そんな風に言われると、逆に気になって気になって仕方ないんですけど!?
俺はセブルスをじーっと見つめる。
な、何なんだろう。隠さずに「言って」欲しいのになぁー・・・
「・・・こ、れ」
ん?セブルスが何か包みを・・・
「クッキー?」
「・・・すまない。そんなもので」
え?ももももも、もしかして・・・
「俺に(ですかぁぁぁぁぁぁああああッ!)?」
「・・・あぁ」
俺はパァッと心が明るくなるのを感じ、セブルスから貰ったばかりのクッキーを包みから一枚取り出して食べた。
「美味しい(!!!!!)」
「ぇ・・・」
「とっても美味しい(です!もはや神!・・・ぁ、目の前に本物の神様いるや)」
つい笑顔になる俺に、セブルスはやっと元気になってくれたみたいで「よ、よかった」と笑ってくれた。
光麗とセブルスからのプレゼントを手に、俺はほくほくとした気持ちでいた。
《セブルスSIDE》
召喚術なんて普段はやらないようなことをした。
ピクシーが出てくるなんて思ってもみなかった。
奴らは悪戯好きだから、すぐにとらえなければならず、アスの傍で慌てる僕は酷く滑稽だったことだろう。
アスに呆れられていないだろうか?と心配しつつ、アスに「アスはどんなものが出るんだろうな」と声をかけた。

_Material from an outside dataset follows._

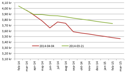 Nedan ser vi terminspriserna man får i svenska kronor från terminspriserna på SMP och smör på Eurex, omräknat till kronor per kilo mjölkråvara. Notera att hela den här prisnivån alltid ska ligga över avräkningspriset på mjölkråvara med ca 50 öre, som är en uppskattning av kostnaden för att förädla mjölkråvara till SMP och smör. Fram till och med oktober finns nu regelmässigt priser på Eurex. Därefter är det mina estimat om var jag tror en köpkurs är.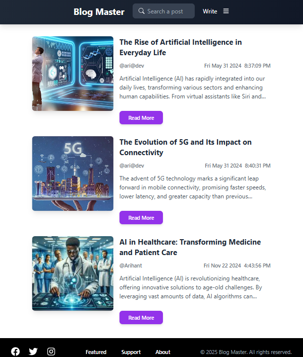 Created an interactive blog website where developers can share ideas and insights, making it easy to use and improving the overall user experience. This increased the number of active users and lowered the bounce rate. Developed the site using ReactJS for a responsive and dynamic frontend, NodeJS and ExpressJS for the backend, and MongoDB with Mongoose for seamless data management. This made the website more engaging for users.

少し大きめの陣を描いているアスは涼しい顔で「そうだな・・・」と言う。
まるで、何が召喚されるか最初からわかっているかのような・・・
その時だ。アスの描いた陣がまばゆい光を放ったのは。
気付けば、陣の中央に、人ではない美しい人物が一人いた。
光り輝くその男を、アスは「光麗」と呼んでいた。
『今日は人の行事で、クリスマスというものがあるのですよね・・・だから、どうぞ。私からのほんの贈り物です』
「有難う」
明らかに高貴であろうその男からアスに渡されたのは・・・それははそれは綺麗なブレスレッドだった。
僕はグッと拳を握りしめた。
だって・・・
僕だって、アスにプレゼントを用意していたから。
この授業が終わったら、こっそり渡すつもりだったんだ。
けど・・・
僕のプレゼントは、光麗と呼ばれた男のプレゼントの足元にも呼ばない。
・・・もう、渡すのは止めてしまおうか・・・
「光麗・・・こんなもので悪い。これを」
『!・・・あぁ、アス・・・』
あぁ、アスからお返しまで貰って・・・
嬉しそうな顔をする相手。
あぁわかるさ。凄く嬉しいんだろうな。
本当は僕だって――
「アス・・・」
「どうかした」
つい名前を呼んだ僕に、アスはすぐに反応してくれた。
「・・・・・・ぃや、やっぱり、何でもない」
・・・言えない。
自分のちんけなプレゼントと他人の豪勢なプレゼントを比較して落ち込んでいるなんて。
ふるふるっと首を振っても、アスは僕から視線を離さない。
「言って」
アスにそんな風に言われたら、言わないわけないのに・・・
「・・・こ、れ」
観念したように僕が取り出したのは、
「クッキー?」
そう。クッキー。
「・・・すまない。そんなもので」
前にアスが僕の作ったお菓子を美味しいと言ってくれたから・・・
結構頑張って作ったけど、何だか出すのも恥ずかしい。
「俺に?」
「・・・あぁ」
するとアスは何を思ったのか、僕から受け取ったそのクッキーを一枚口に入れた。
「美味しい」
「ぇ・・・」
アスが微笑んでいる。
「とっても美味しい」
あぁ、何でそんなに優しいことを言ってくれるんだ・・・
「よ、よかった」
僕はつい笑顔になりながら、陣の中にいる光麗という男を見た。
彼も小さく微笑み、唇を少し動かした。
声にならないその言葉だったけど、僕には何となく『良かったですね』と言っているのがわかった。
召喚しちゃった!
後日アスから僕が読みたいと思っていた本を渡された。
あとがき
クリスマス企画のリクエストでした。